Extra challenges (optional)

Last updated on 2024-03-26 | Edit this page

Overview

Questions

  • Are there extra challenges to practice translating plain English queries to SQL queries?

Objectives

  • Extra challenges to practice creating SQL queries.

Extra challenges (optional)


SQL queries help us ask specific questions which we want to answer about our data. The real skill with SQL is to know how to translate our questions into a sensible SQL queries (and subsequently visualise and interpret our results).

Have a look at the following questions; these questions are written in plain English. Can you translate them to SQL queries and give a suitable answer?

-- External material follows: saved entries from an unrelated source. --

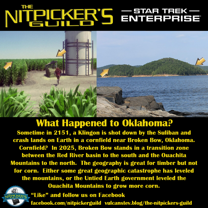 But there it is on screen, a lush beautiful field of corn. The type that Kevin Costner would plow under to build a baseball field, with nary a mountain in sight. It is apparent that within the next 125 years, Oklahoma decides at some point to level the Ouachita Mountains and bring in enough black dirt topsoil to grow corn.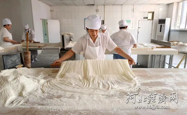 保定市区的漕河驴肉馆。“我们从层数、厚度多方面改良了面饼,制成速冻火烧面坯,并采取‘速冻火烧面坯+真空包装驴肉+预制菜’混搭销售模式。今年在进博会上,我们还首次推出全自动打火烧机,一次可以烤制30个面坯,大幅提升了工作效率,升级后将申请专利,推动‘新派驴火’从北方市场向南方省市一路挺进。”田振齐说。此外,创立于明朝的谷氏香业,整理恢复了传统手工制香的主要品种如养生香、药香、驱秽避瘟香,并在古法制香基础上,尝试加入一些冰片和梅肉,点燃后,让人鼻闻酸甜,口中生津,成为国内唯一一家与故宫合作的制香品牌,成为新“国潮”的典范之一。位于肃宁的沧州丽绣坊工艺品有限公司 ,整合手绣、手推绣、电脑绣、法式、欧式刺绣等工艺,打造了以刺绣手工产品为核心主题的文旅商业打卡地。唐山市新新麻糖厂创新蜂蜜麻糖产品,根据消费者饮食习惯变化,研发了更加健康的低糖木糖醇系列产品、便于携带的易拉罐系列产品。今年以来,河北积极鼓励有条件的城市打造老字号产业园、特色街区,引导老字号企业向历史文化街区集聚。11月14日,北京同仁堂、北京稻香村、片仔癀、永盛斋、重庆桥头、张一元等11家中华老字号企业与雄安新区签约,入驻雄安中华老字号特色街区。这些延续着世代相传的技法和匠心的老字号,不但带来了老味道,还在挖掘传统文化中因时而动、跟上节奏,掀起了创新潮。回力品牌计划在雄安举办更多线下潮玩活动;北京稻香村为满足年轻人对健康食品的需求,与科研机构合作成立低糖产品生产中心,同时在品牌建设方面与多个IP和品牌进行跨界联名合作。在衡水阜城县,当地以打造承接北京中华老字号食品企业外迁及新建项目产业平台为目标,规划建设总投资35亿元的北京·中华老字号食品产业园,构筑中华老字号食品企业聚集区。记者了解到,以中华老字号食品产业园为平台,已经有多家中华老字号食品企业入驻并投产。其中,总投资3.2亿元的稻香村食品生产加工基地,主要生产沙琪玛、铜锣烧、曲奇饼,年产值超过2亿元。河北双荣食品有限公司副总经理沈鸿图介绍,该公司是北方地区最大的沙琪玛生产企业,每天产量有50吨,每年为稻香村代加工各类糕点食品产值可达3000万元。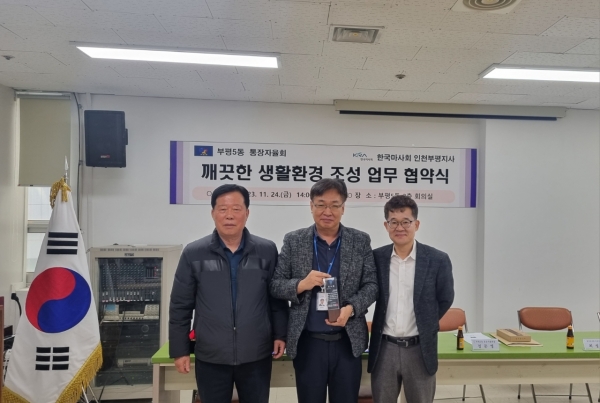 [금요저널] 부평구 부평5동 통장자율회는 지난 24일 동 행정복지센터에서 깨끗한 부평5동 생활환경 조성을 위한 상호 협력 체계를 구축하기 위해 한국마사회 인천부평지사와 업무협약을 체결했다.

Also, if you would like to learn more SQL concepts and try additional challenges, see the Software Carpentry Databases and SQL lesson.

Challenge 1

How many articles are there from each First_author? Can you make an alias for the number of articles? Can you order the results by articles?

SQL

SELECT First_Author, COUNT(*) AS n_articles
FROM articles
GROUP BY First_Author
ORDER BY n_articles DESC;

Challenge 2

How many papers have a single author? How many have 2 authors? How many 3? etc?

SQL

SELECT Author_Count, COUNT(*)
FROM articles
GROUP BY Author_Count;

Challenge 3

How many articles are published for each Language? Ignore articles where language is unknown.

SQL

SELECT Language, COUNT(*)
FROM articles
JOIN languages
ON articles.LanguageId = languages.id
WHERE Language != ''
GROUP BY Language;

Challenge 4

How many articles are published for each Licence type, and what is the average number of citations for that Licence type?

SQL

SELECT Licence, AVG(Citation_Count), COUNT(*)
FROM articles
JOIN licences
ON articles.LicenceId = licences.id
WHERE Licence != ''
GROUP BY Licence;

Challenge 5

Write a query that returns Title, First_Author, Author_Count, Citation_Count, Month, Year, Journal_Title and Publisher for articles in the database.

SQL

SELECT Title, First_Author, Author_Count, Citation_Count,
       Month, Year, Journal_Title, Publisher
FROM articles
JOIN journals
ON articles.issns = journals.ISSNs
JOIN publishers
ON publishers.id = journals.PublisherId;

Key Points

  • It takes time and practice to learn how to translate plain English queries into SQL queries.